North Carolina Law Bans Atheists, One Gets Into Office Anyway

Some folks tried to prevent newly elected Asheville, North Carolina city councilman Cecil Bothwell from taking office. Because he’s an atheist. And that’s still against the law there, as it is in five other states.

North Carolina’s constitution is clear: politicians who deny the existence of God are barred from holding office. Opponents of Cecil Bothwell are seizing on that law to argue he should not be seated as a City Council member today, even though federal courts have ruled religious tests for public office are unlawful under the U.S. Constitution. Voters elected the writer and builder to the council last month. “I’m not saying that Cecil Bothwell is not a good man, but if he’s an atheist, he’s not eligible to serve in public office, according to the state constitution,” said H.K. Edgerton, a former Asheville NAACP president.
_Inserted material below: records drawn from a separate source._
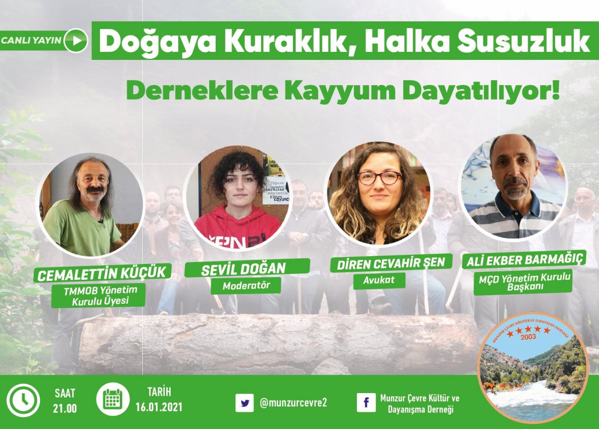HABER MERKEZİ- Munzur Çevre Derneği, son dönemde çokça gündeme gelen kuraklık sorunu ve çevre derneklerini de özellikle hedefleyen kayyum saldırısının tartışılacağı bir e-panel düzenliyor. Sevil Doğan’ın yöneteceği panelde, TMMOB Yönetim Kurulu Üyesi Cemalettin Küçük, Avukat Diren Cevahir Şen ve MÇD Yönetim Kurulu Başkanı Ali Ekber Barmağıç ise konuşmacı olarak yer alıyor. Panel bugün (16 Ocak) saat 21.00’da Munzur Çevre Derneği’nin sosyal medya hesapları üzerinden yayınlanacak.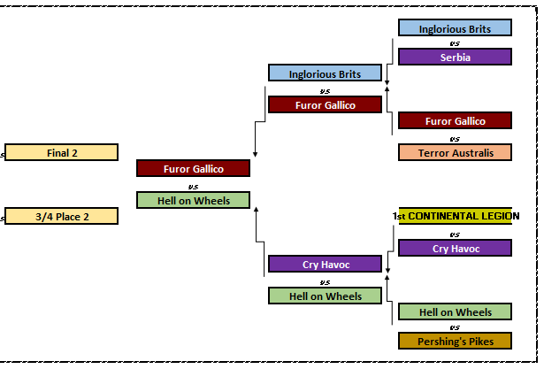The last match of the righthand part of the bracket was dramatic, with “Cry Havoc” facing off against “1st Continental Legion”! The result of this challenge was a near perfect draw, with the British prevailing with just 2% less casualties in 4 battles!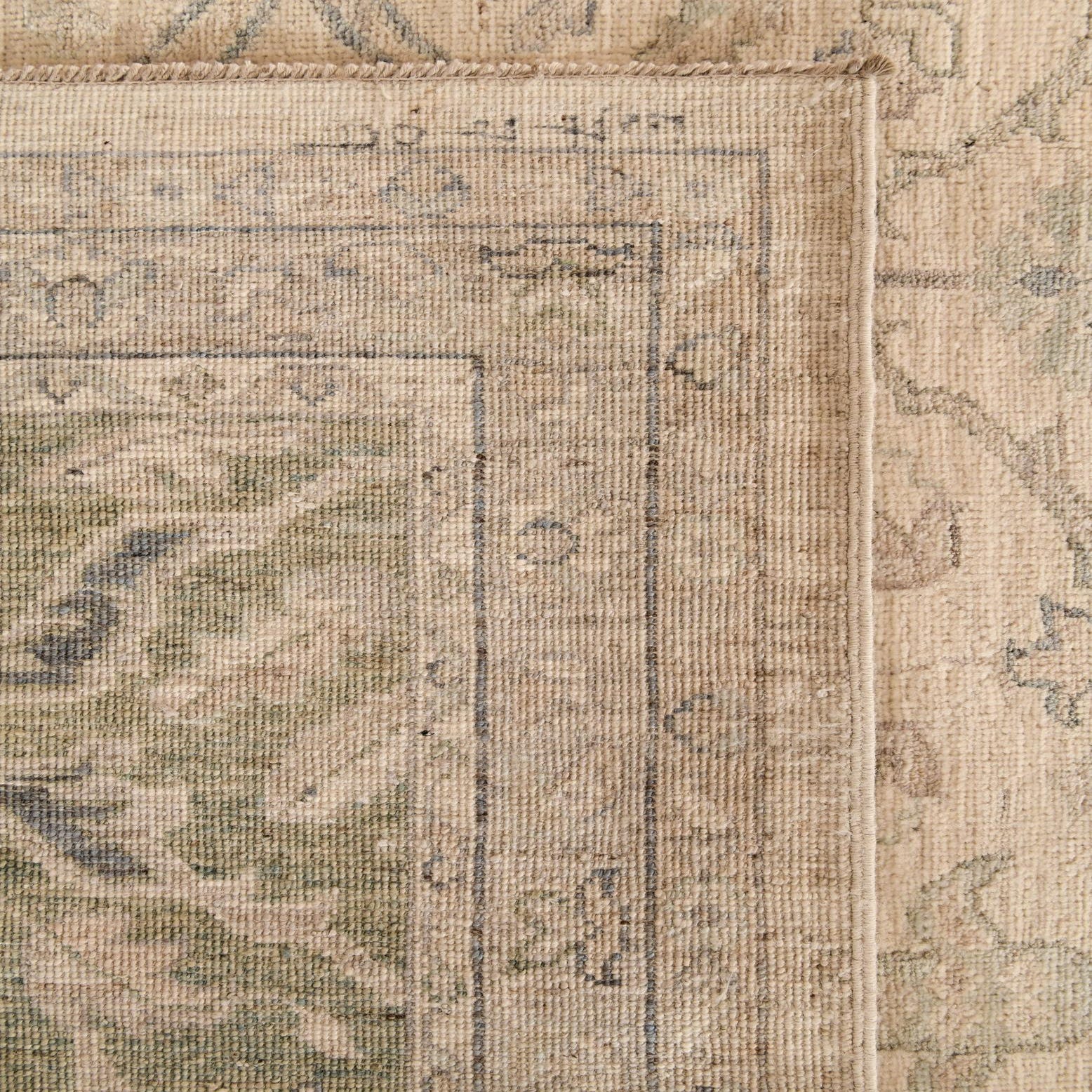 Primary color is Cream. Colors in this rug include: Cream, Beige, Blue, Olive.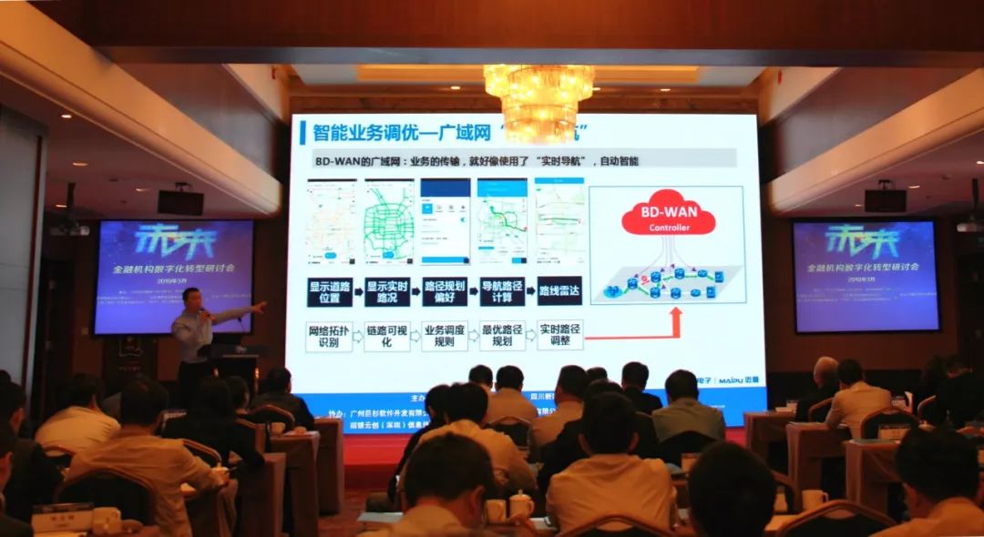 針對這些問題,賈文宇先生介紹了邁普基于業(yè)務(wù)驅(qū)動、借助SDN、Overlay、NFV等新技術(shù)應(yīng)用的BD-WAN廣域網(wǎng)解決方案。該方案以智能化、自動化、可視化為特點,高性能、高安全為原則,滿足當(dāng)下金融機構(gòu)廣域網(wǎng)縱向網(wǎng)、分支機構(gòu)等場景對新型廣域網(wǎng)的部署需求,提高整網(wǎng)運行質(zhì)量,有效降低設(shè)備和人力資源投入,并提高行業(yè)競爭力。邁普用實力協(xié)助金融機構(gòu)度過轉(zhuǎn)型期,在現(xiàn)場受到了大家的一致好評。
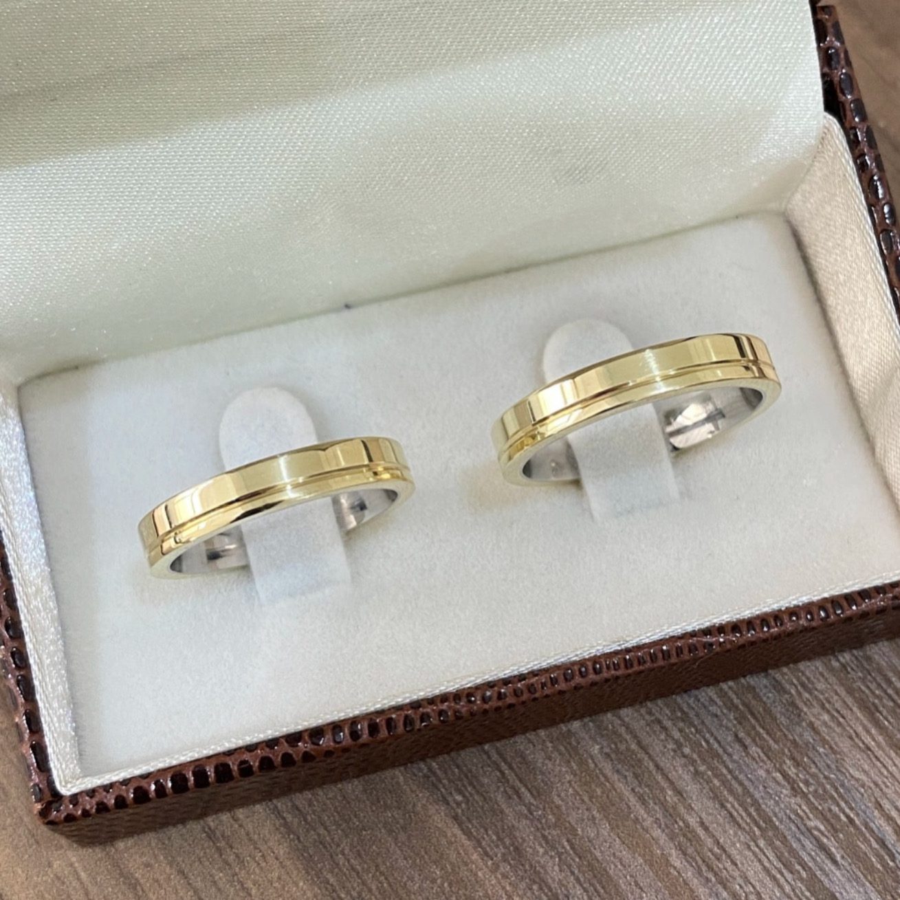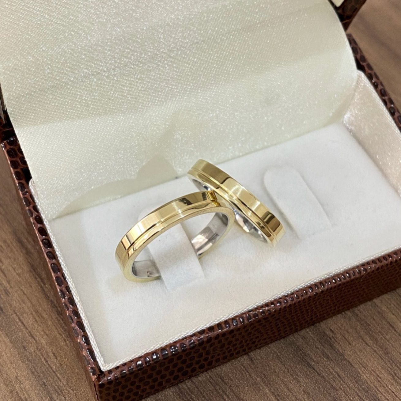 • Par de alianças 4mm modelo com 1 friso lateral.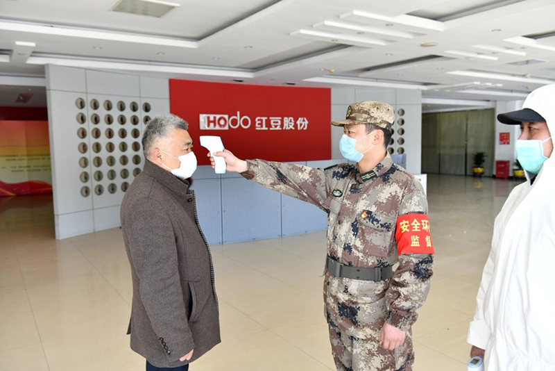謝軍,是這次紅豆防護(hù)服生產(chǎn)大樓的安全生產(chǎn)負(fù)責(zé)人,也是一名退役軍人,他每天都要對(duì)進(jìn)入大樓的員工進(jìn)行排查,檢測(cè)好生產(chǎn)工人的體溫。每天早晨7點(diǎn),他已站在大樓門口,面對(duì)陸陸續(xù)續(xù)來上班的員工,謝軍和同事一起為每位準(zhǔn)備進(jìn)入的員工進(jìn)行體溫測(cè)量。從大年初二至今,謝軍便以廠為家,連續(xù)多日開展疫情防控工作,未曾回過家。近幾日,低于零下的冬季清晨,伴著刺骨的寒風(fēng),讓人忍不住打冷顫。

Article 6, section 8 of the state constitution says: “The following persons shall be disqualified for office: First, any person who shall deny the being of Almighty God.” Rights enshrined in the U.S. Constitution trump the restriction in the state constitution, said Bob Orr, executive director of the N.C. Institute for Constitutional Law.

Bothwell “affirmed” his oath of office late on Tuesday, because state law allows one to avoid placing a hand on the Bible and swearing “so help me God.” His case is being cited by some “Tenthers” as another example of the imposition of federal laws on the states.

RELATED: Rep. Pete Stark (D-CA) is the only openly atheist person ever elected to Congress.